Moreover, referring to FIG. 7, which shows a sectional side view of another embodiment of the lower conductivities according to the present invention, in which the lower conductivities 222 are interlaced to the conductivities 232 inside the body 23, and a gap is kept between each lower conductivities 222 and conductivities 232, such that liquid flows between fins and performs thermal exchange efficiently.
Further, referring to FIG. 8, which shows yet a sectional side view another embodiment according to the present invention, in which conductivities 232 are setted inside the body 23, and one end of each conductivity 232 is contacted to the bottom of the upper cover 22 while a gap is kept between conductivities 232, such that liquid flows in the gaps and performs thermal exchange efficiently.
In addition, referring to FIG. 9, which shows a sectional side view a embodiment of the upper cover according to the present invention, in which the upper cover can be formed into a concave cover with its bottom upwards, while multiple conductivities 232 are installed at the body 23 with one end of each conductivity 232 contacting to the upper cover 22, and a gap is kept between conductivities 232, such that liquid performs thermal exchange in the gaps efficiently.

Claims

1. A structure of liquid cooled waterblock with thermal conductivities, which is used in the liquid cooled thermal dissipation system for chip of computer's main unit, and is attached on the chip to perform thermal exchange and thus dissipate thermal, in which the waterblock includes:

an upper cover, which is made from materials of good heat-conductivity and is setted with multiple upper and lower conductivities;

a body, which is a container made from materials of good heat-conductivity, and a containing slot is therein formed, the said containing slot is used for storing liquid to perform thermal conduction; and

a fan, which is installed at the top of the upper cover to enforce thermal exchange.

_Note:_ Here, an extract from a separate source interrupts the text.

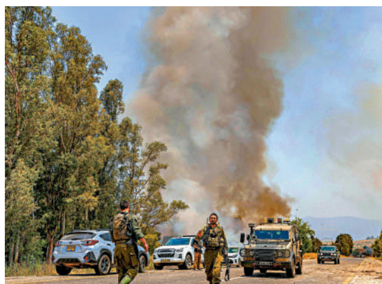
▲黎巴嫩真主黨14日向以色列北部發射火箭彈。

黎巴嫩真主黨13日表示，自2023年10月8日至今6月13日，已對以色列進行了2125次軍事行動，平均每天襲擊達9次；發射了近2000枚各式火箭彈或制導武器，摧毀122個以色列指揮中心、10個「鐵穹」系統平台和7架以軍軍用無人機；造成20多萬以色列人流離失所，迫使以色列人從40多個定居點撤離。
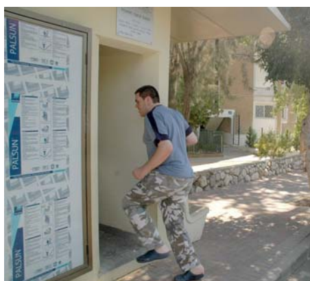
תושב שדרות נכנס למרחב מוגן עם הישמע התרעת "צבע אדום" (זאב טרכטמן, 10 ביולי)

2. A structure of liquid cooled waterblock with thermal conductivities as claimed in claim 1, wherein the upper and lower conductivities can be embodied into structure of pillar, and gaps are kept between pillars to improve thermal dissipation.

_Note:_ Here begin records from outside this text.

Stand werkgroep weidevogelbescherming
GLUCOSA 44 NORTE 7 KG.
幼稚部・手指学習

3. A structure of liquid cooled waterblock with thermal conductivities as claimed in claim 1, wherein the upper and lower conductivities can be embodied into structure of hollow pillars.

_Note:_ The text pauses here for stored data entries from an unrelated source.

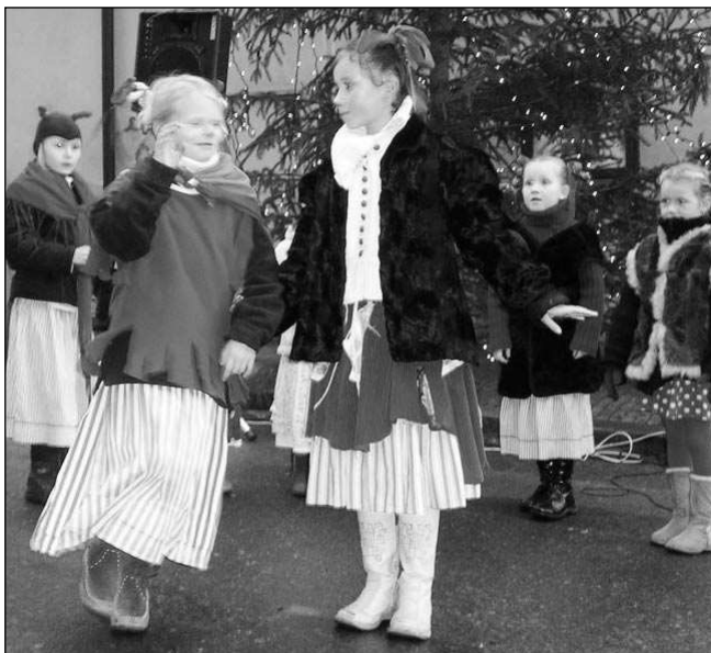
Na premiérovém Karlštejnském adventu loni zatančil řevnický soubor Klíček. Na náměstí pod hradem se představí i letos.

Adventní oslavy se pak budou odbývat každou další nedělí. Diváky potěší například dětské folklorní soubory Klíček a Kamýček, pěvecké sbory Chorus Angelus a Bonbon, divadelní soubory Excelsior a Křoví, dechovka Týnečanka či děti ze školy v Litni a z Dětského domova v Letech. Vše vyvrcholí v neděli 21. prosince pří-
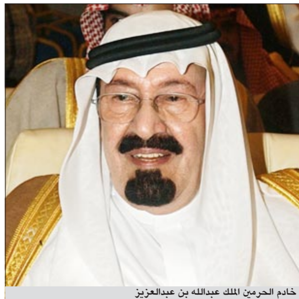
خادم الحرمين الملك عبدالله بن عبدالعزيز

واس: أكد خادم الحرمين الشريفين، الملك عبدالله بن عبدالعزيز آل سعود، أن ما يقدم في خدمة العقيدة الإسلامية في كلمة أمام لجنة الدعوة في أفريقيا ومعهم الدعاة المشاركون في الملتقى العشرين للجنة الدعوة في أفريقيا: «أشكركم وأتمنى لكم التوفيق، ونحن إن شاء الله معكم دائماً وهدياً في أي لحظة مستعدون لكل ما يطلب منا نحو عقيدتنا الإسلامية، وهذه ما لنا فيها لا عز ولا فخر، بل هذا واجب على كل مسلم، وشكراً لكم، والله أكبر».
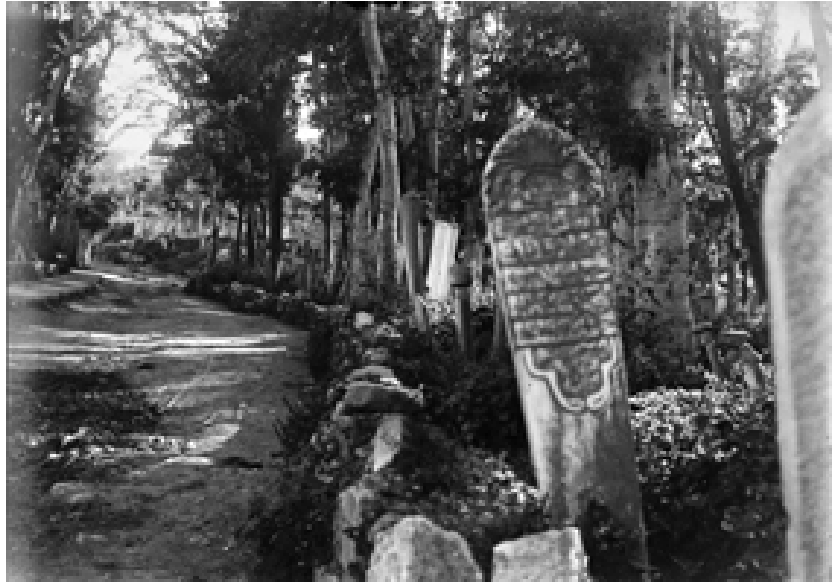
Pierre Loti, Cimetière d'Er-dinekapi , retirage d'une plaque de verre

A l'exact opposé, se situe le Loti ottoman, turcophile sans compromis qui inaugure en 1879, par son premier roman Aziyadé , une passion jamais démentie pour les Turcs. Par la suite, il écrit des ouvrages où la fiction laisse le pas aux témoignages souvent polémiques sur ce qu'il considère comme sa deuxième patrie. Aussi, à Constantinople, Loti est vêtu mais non déguisé en Turc. Ici, il ne joue pas de rôle mais se veut un vrai bourgeois stambouliote, marquant ostensiblement son engagement sans faille et parfois aveugle à défendre l'empire Ottoman - attitude toujours controversée presque un siècle après sa mort.
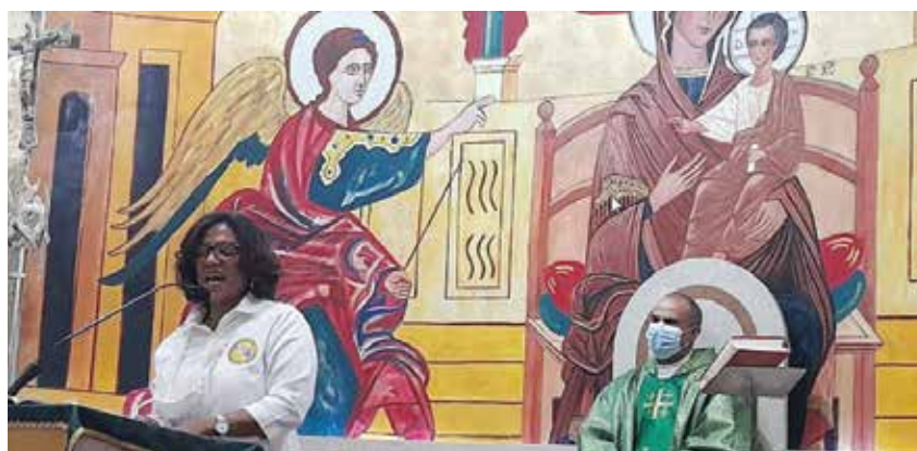
La misa de acción de gracias por el aniversario 44 de COOEPROUASD fue un evento religioso de gran significación.

COOE-PROUASD se ha convertido en la empresa de los universitarios, pues ha ido de la mano de los emprendedores y del progreso de todos sus asociados que se han planificado para resolver los problemas de adquisición de viviendas y medios de transporte.
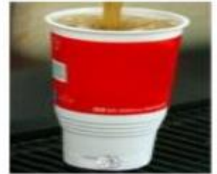
Limenka/boca oko 1 L (32 oz)

Konzumirate li energetska pića najmanje jednom tjedno?
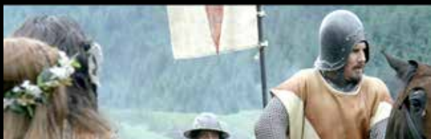
A bascinet sisak némileg hasonlít az eredetike, de a korban nem használták
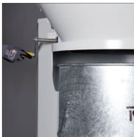
Exacte aanpassing aan de verschillende afscheidingseenheden
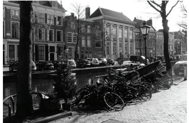
Een deel van de oogst van 10 maart

Aaf wil samen met de wijkvereniging de komende jaren ook andere grachten in onze wijk aanpakken. Dat gebeurt met steun van vele met ons water verbonden instanties zoals het Hoogheemraadschap, de afdeling Leiden van de Koninklijke Nederlandse Vereniging voor Veldbiologie, sportvissers, de diensten Handhaving en Inzameling van de gemeente en natuurlijk onze wijkbewoners.

4. A structure of liquid cooled waterblock with thermal conductivities as claimed in claim 1, wherein the upper and lower conductivities can be embodied into structure of fins and gaps are kept between fins to improve thermal dissipation.

5. A structure of liquid cooled waterblock with thermal conductivities as claimed in claim 1, wherein the lower conductivities can be embodied into interlacing with the conductivities inside the body, and gaps are kept between each lower conductivities and each conductivities.

6. A structure of liquid cooled waterblock with thermal conductivities as claimed in claim 1, wherein the upper cover can be embodied into a concave cover with its bottom upwards while multiple conductivities are setted in the body to contact to the upper cover, and gaps are kept between conductivities such that liquid performs thermal exchange between gaps efficiently.